[Source records]
################
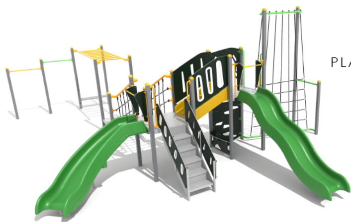
PLAY STRUCTURE (modified)
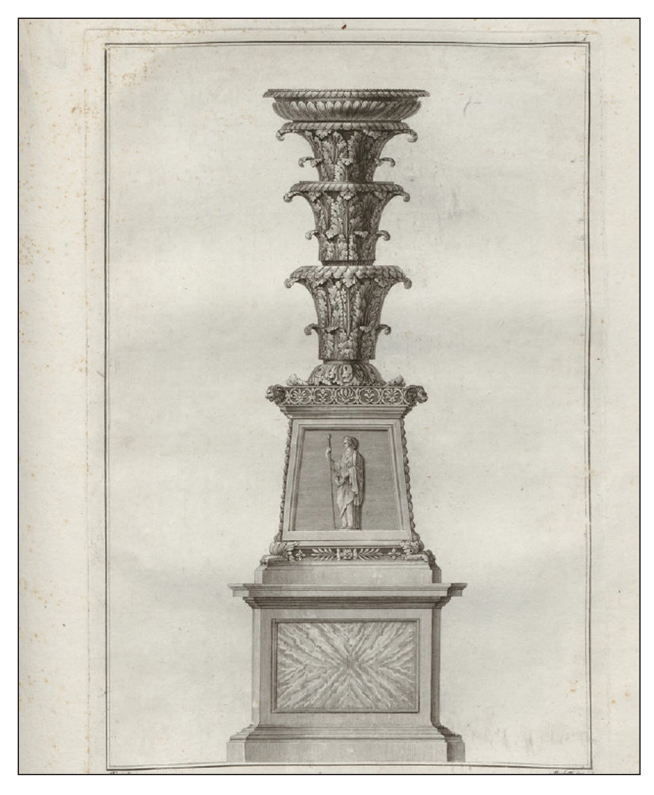
Figure 11: Barberini candelabrum, excavated in the 16th century from the Villa Hadriana, now in the Museo Pio-Clementino, Vatican, Rome, from E.Q. Visconti, Il Museo Pio-Clementino, Rome: n.p., 1788, vol. IV, Plate I.

When we put Piranesi's candelabra next to those surviving from Roman antiquity that Piranesi knew very well, such as the Barberini candelabra now in the Museo Pio-Clementino, it is striking to see how very different they are ( Figure 11 ). The Barberini candelabra have a clearly visible structure of pedestal, shaft and light-bearing disc, derived from acanthus and Corinthian forms, and a quite sober and coherent iconography of gods and small Erotes. Piranesi's work, however, presents a very riot of ornament, a profusion of elements taken from altars, the theatre,
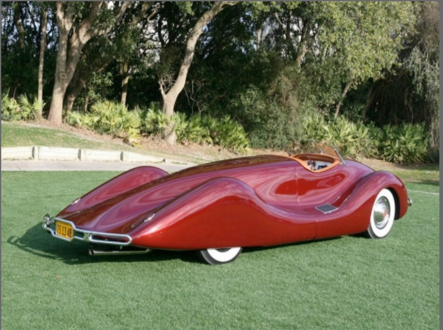
“Cover Girl” restoration
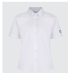
Twin Pack Shirt or Blouses
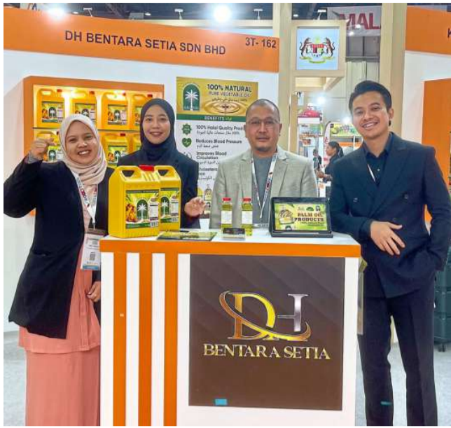
DH Bentara Setia Sdn Bhd Nature of business: Palm oil products DH Bentara Setia is a trusted supplier of palm oil products and cooking oil, renowned for its commitment to quality and reliability.
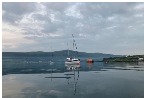
Serenity, Red Bay mooring.

Friday 2 nd July, High Water Larne: 0533 hrs. I woke early the following morning at 0400 hrs to catch the next ebb tide, it turns north an hour early in the bay I had been informed, and leaving Joshua to sleep in his bunk as this passage was expected to take 6 hours.
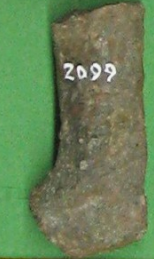
2099 BRONZE POT LEG OR HANDLE. FOUR ACRES 1308. C. ET. 2099. 00618709. 7-10-06
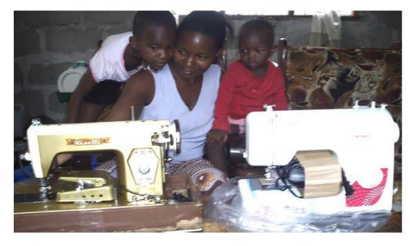
An unwanted sewing machine in the United States can be a vital source of income for a struggling family in a third world country.

Bicycles are an appropriate technology that can provide affordable, non-polluting transportation to help farmers get their crops to market, to help students and teachers greater access to regional schools, and help doctors reach patients in remote villages.
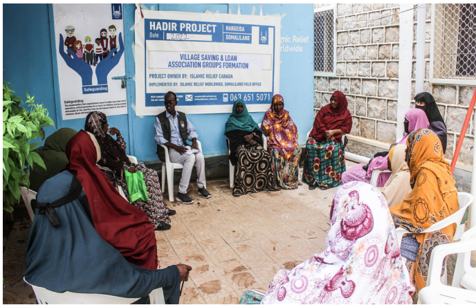
Village Saving & Loans Association Groups formation in Hargeisa, Somaliland
################
> **What the task asks**: From the line with "When we put" down to the last line of the records above, restate each line verbatim, passing over any picture.

> **Final answer**:
When we put Piranesi's candelabra next to those surviving from Roman antiquity that Piranesi knew very well, such as the Barberini candelabra now in the Museo Pio-Clementino, it is striking to see how very different they are ( Figure 11 ). The Barberini candelabra have a clearly visible structure of pedestal, shaft and light-bearing disc, derived from acanthus and Corinthian forms, and a quite sober and coherent iconography of gods and small Erotes. Piranesi's work, however, presents a very riot of ornament, a profusion of elements taken from altars, the theatre,
“Cover Girl” restoration
Twin Pack Shirt or Blouses
DH Bentara Setia Sdn Bhd Nature of business: Palm oil products DH Bentara Setia is a trusted supplier of palm oil products and cooking oil, renowned for its commitment to quality and reliability.
Serenity, Red Bay mooring.

Friday 2 nd July, High Water Larne: 0533 hrs. I woke early the following morning at 0400 hrs to catch the next ebb tide, it turns north an hour early in the bay I had been informed, and leaving Joshua to sleep in his bunk as this passage was expected to take 6 hours.
2099 BRONZE POT LEG OR HANDLE. FOUR ACRES 1308. C. ET. 2099. 00618709. 7-10-06
An unwanted sewing machine in the United States can be a vital source of income for a struggling family in a third world country.

Bicycles are an appropriate technology that can provide affordable, non-polluting transportation to help farmers get their crops to market, to help students and teachers greater access to regional schools, and help doctors reach patients in remote villages.
Village Saving & Loans Association Groups formation in Hargeisa, Somaliland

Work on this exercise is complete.